BEGIN Records for the exercise
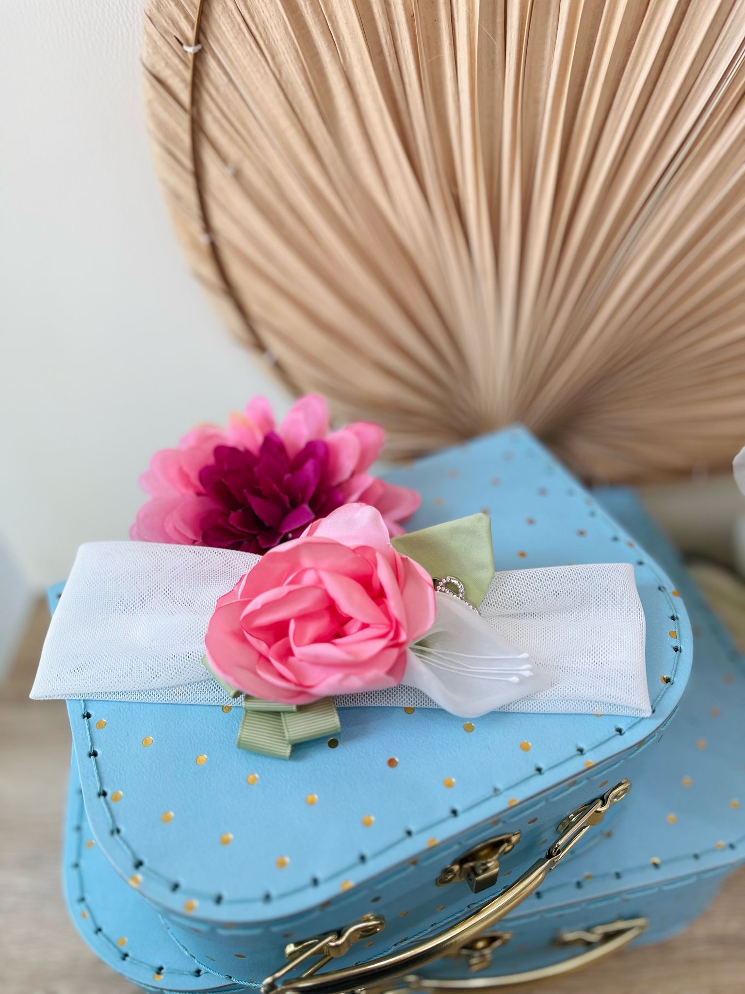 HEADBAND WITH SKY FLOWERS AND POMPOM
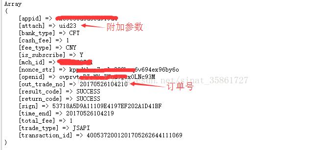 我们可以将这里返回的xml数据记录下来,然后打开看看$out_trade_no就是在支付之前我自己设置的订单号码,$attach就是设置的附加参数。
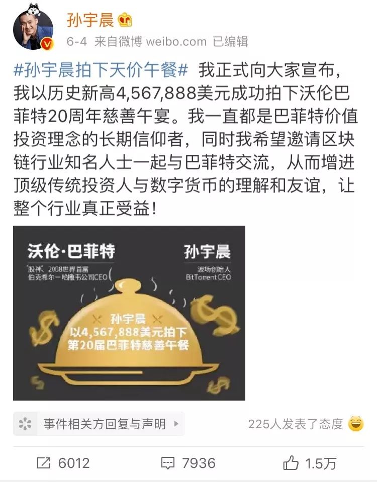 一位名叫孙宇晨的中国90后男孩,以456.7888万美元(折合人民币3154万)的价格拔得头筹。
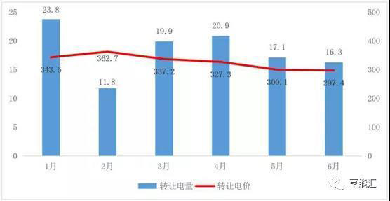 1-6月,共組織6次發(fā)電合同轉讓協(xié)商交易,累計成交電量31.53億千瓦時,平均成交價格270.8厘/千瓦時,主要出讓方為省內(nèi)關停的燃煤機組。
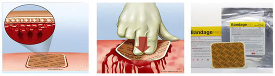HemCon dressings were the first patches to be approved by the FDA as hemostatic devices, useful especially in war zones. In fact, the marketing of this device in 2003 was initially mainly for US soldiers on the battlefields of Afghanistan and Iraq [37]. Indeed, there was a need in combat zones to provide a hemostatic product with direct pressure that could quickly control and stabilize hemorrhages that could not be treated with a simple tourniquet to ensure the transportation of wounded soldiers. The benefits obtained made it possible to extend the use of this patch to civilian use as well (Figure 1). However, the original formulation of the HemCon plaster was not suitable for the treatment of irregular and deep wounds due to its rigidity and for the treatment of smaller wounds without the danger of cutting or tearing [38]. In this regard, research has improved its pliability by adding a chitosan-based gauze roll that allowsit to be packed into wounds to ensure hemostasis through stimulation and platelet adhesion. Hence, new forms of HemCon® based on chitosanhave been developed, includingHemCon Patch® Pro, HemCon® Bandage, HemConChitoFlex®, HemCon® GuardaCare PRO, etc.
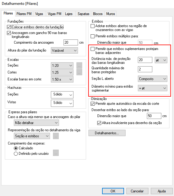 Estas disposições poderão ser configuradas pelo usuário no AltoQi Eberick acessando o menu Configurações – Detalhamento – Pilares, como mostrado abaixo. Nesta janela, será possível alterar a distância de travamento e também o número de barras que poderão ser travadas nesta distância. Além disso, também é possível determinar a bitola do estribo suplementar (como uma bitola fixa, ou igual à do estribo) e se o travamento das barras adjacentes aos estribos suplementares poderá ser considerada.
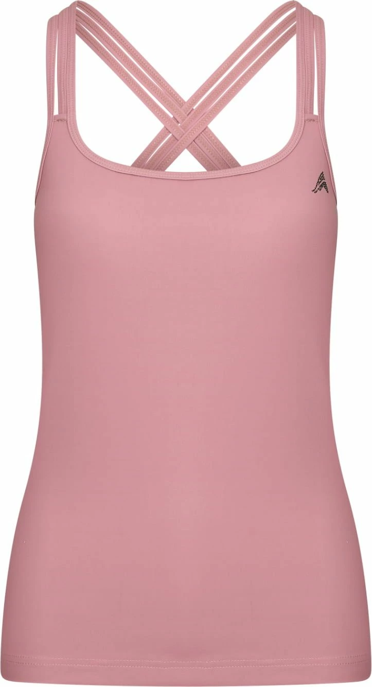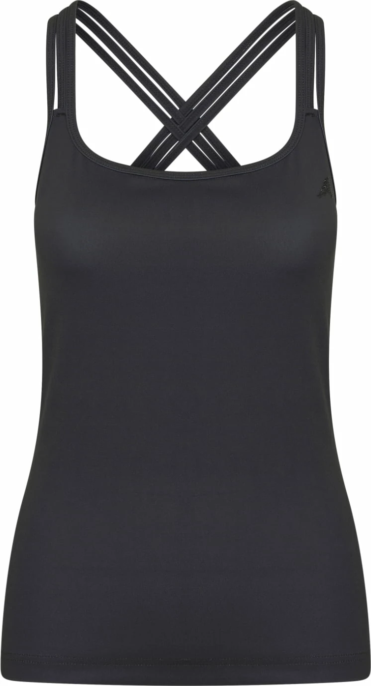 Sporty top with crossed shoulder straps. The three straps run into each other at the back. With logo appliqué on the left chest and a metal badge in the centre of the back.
END Records for the exercise
## What to work on
Exact lines only, please. Repeat everything from the top of the records through the line containing "1-6月,共組織6次發(fā", both ends in and pictures out.

## Result of this exercise
 HEADBAND WITH SKY FLOWERS AND POMPOM
 我们可以将这里返回的xml数据记录下来,然后打开看看$out_trade_no就是在支付之前我自己设置的订单号码,$attach就是设置的附加参数。
 一位名叫孙宇晨的中国90后男孩,以456.7888万美元(折合人民币3154万)的价格拔得头筹。
 1-6月,共組織6次發(fā)電合同轉讓協(xié)商交易,累計成交電量31.53億千瓦時,平均成交價格270.8厘/千瓦時,主要出讓方為省內(nèi)關停的燃煤機組。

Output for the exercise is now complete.